There are currently a number of legal cases and consultations in progress that will set precedents and initiate frameworks for how human input to artificial intelligence is credited and paid for. Giblin and Doctorow’s Chokepoint Capitalism unpacks how big tech has already mined human creativity to build existing digital business models for streaming and social media, and it seems unlikely that the current battle will be the last. It will, however, be a decisive one, that will help determine the commercial value of human creativity.

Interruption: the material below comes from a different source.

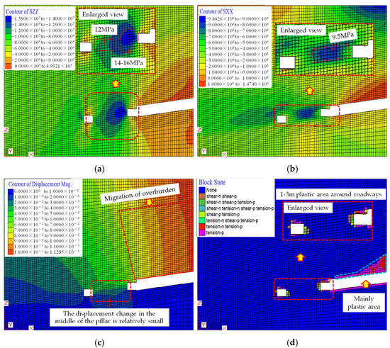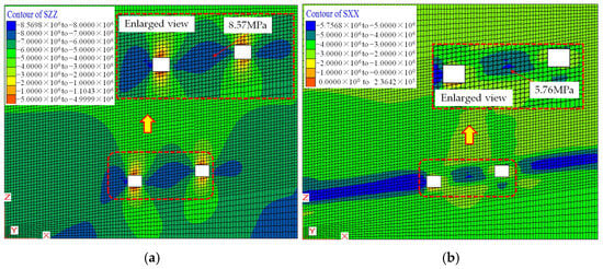 The change in the stress field is the force source for coal and rock deformation. The displacement amount and plastic area of the roadways are essentially caused by stress concentration, so it is particularly important to determine the influence of the coal pillar on the stress distribution characteristics of the surrounding rock during the mining process (as shown in Figure 6).
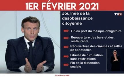 On pouvait par exemple lire sur Twitter : « En effet, là c’est plus possible. Oui les hôpitaux sont blindés et c’est pas d’aujourd’hui. Oui à la liberté non à la dictature » , « Alors avons nous le courage de dire : je veux ma liberté de vivre ? » . Avec ces messages, on retrouvait un montage d’une allocution du Président avec inscrit « journée de la désobéissance citoyenne » . Au premier février, il faut d’après ce montage « la fin du port du masque obligatoire, la réouverture des restaurants, bars et salles de spectacles, la liberté de circulation sans restrictions et la fin de la distanciation sociale » .

Perhaps the most important lesson to be learnt from the digital revolution is how important it continues to be for knowledge producers and the creative industries to stand together and act collaboratively and collectively to establish a fair deal for creativity. Technology companies can wield extraordinary resources of money and power to assure the best outcomes for their business models, and are unlikely to be defeated by a single courageous campaign or campaigner. A united front is needed to ensure protections now and in the future; as the capabilities of artificial intelligence improve, new challenges will emerge, but ensuring copyright works will help put in place foundational protections for writers and help establish some boundaries for big tech companies and the technologies they bring to market.
No technology is inevitable. Artificial intelligence won’t replace humanity, but it is likely to change the nature of some jobs and many business models; these are not godlike entities, but human structures and processes. As such, the immediate challenge is not to be overcome by fear of AI or its mythical capabilities, but to deliver collective action that ensures human intelligence and creative labour is not subsumed by short-term commercial concerns
This article draws on research conducted for Coldicutt R, Williams A, and Barron D, (2023) ‘The Networked Shift: A Creative Industries Foresight Study’. London: Careful Industries, commissioned by MyWorld and the Creative Industries Policy and Evidence Centre.